## Try it
Transcribe the stretch of entries below from the line with "レシピ通りに綺麗に作りたいの" through the line with "ISDT C4 Air", exactly and with both ends included; leave out all other lines.

## Material provided

╭──

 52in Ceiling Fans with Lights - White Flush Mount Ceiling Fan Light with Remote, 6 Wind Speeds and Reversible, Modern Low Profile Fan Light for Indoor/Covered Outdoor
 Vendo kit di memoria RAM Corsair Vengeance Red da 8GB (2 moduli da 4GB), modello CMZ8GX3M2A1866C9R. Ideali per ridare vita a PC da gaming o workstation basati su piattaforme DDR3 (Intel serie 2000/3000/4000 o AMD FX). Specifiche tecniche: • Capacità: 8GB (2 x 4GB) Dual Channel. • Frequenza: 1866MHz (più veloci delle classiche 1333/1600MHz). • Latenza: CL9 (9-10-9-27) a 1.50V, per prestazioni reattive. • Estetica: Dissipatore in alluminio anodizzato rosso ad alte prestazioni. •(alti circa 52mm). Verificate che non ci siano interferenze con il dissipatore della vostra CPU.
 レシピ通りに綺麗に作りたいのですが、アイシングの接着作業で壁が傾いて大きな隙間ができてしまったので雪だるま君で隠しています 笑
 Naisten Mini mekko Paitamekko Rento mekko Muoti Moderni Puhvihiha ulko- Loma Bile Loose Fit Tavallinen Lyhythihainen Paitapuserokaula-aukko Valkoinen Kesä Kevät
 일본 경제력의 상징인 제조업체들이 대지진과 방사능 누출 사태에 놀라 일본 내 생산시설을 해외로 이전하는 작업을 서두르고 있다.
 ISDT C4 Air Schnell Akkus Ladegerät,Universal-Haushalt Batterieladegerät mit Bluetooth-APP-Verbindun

╰──
╭──

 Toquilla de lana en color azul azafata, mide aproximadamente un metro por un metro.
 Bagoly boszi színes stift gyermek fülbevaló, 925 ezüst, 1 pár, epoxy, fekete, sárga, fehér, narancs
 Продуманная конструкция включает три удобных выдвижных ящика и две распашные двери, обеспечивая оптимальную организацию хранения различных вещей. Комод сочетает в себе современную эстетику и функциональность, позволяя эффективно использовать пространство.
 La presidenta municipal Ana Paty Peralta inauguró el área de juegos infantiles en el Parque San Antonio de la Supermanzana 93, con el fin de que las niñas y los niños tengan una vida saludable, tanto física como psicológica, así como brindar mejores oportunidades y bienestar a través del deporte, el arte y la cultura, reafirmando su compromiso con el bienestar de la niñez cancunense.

╰──
╭──

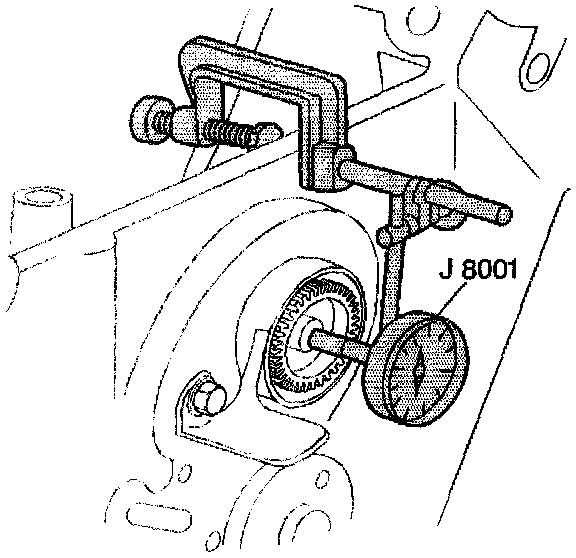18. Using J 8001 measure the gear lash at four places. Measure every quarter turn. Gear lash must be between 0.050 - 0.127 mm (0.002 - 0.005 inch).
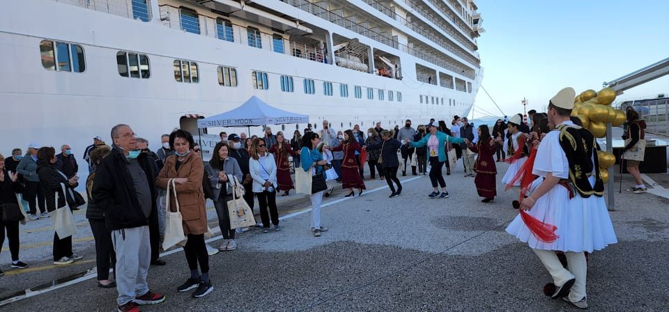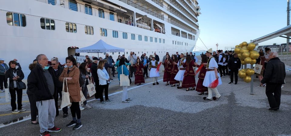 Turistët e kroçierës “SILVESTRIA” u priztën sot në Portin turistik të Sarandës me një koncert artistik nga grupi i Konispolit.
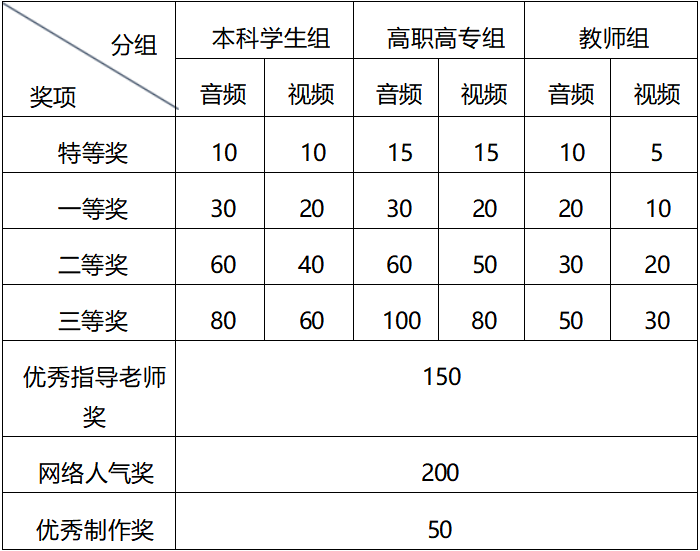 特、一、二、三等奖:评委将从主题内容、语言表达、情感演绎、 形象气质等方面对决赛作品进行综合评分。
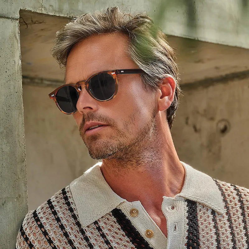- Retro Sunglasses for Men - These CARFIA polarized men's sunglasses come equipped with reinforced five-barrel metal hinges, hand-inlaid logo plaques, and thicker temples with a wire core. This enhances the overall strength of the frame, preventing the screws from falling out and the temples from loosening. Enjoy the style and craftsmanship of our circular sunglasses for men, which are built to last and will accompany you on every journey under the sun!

╰──

## Response below
 レシピ通りに綺麗に作りたいのですが、アイシングの接着作業で壁が傾いて大きな隙間ができてしまったので雪だるま君で隠しています 笑
 Naisten Mini mekko Paitamekko Rento mekko Muoti Moderni Puhvihiha ulko- Loma Bile Loose Fit Tavallinen Lyhythihainen Paitapuserokaula-aukko Valkoinen Kesä Kevät
 일본 경제력의 상징인 제조업체들이 대지진과 방사능 누출 사태에 놀라 일본 내 생산시설을 해외로 이전하는 작업을 서두르고 있다.
 ISDT C4 Air Schnell Akkus Ladegerät,Universal-Haushalt Batterieladegerät mit Bluetooth-APP-Verbindun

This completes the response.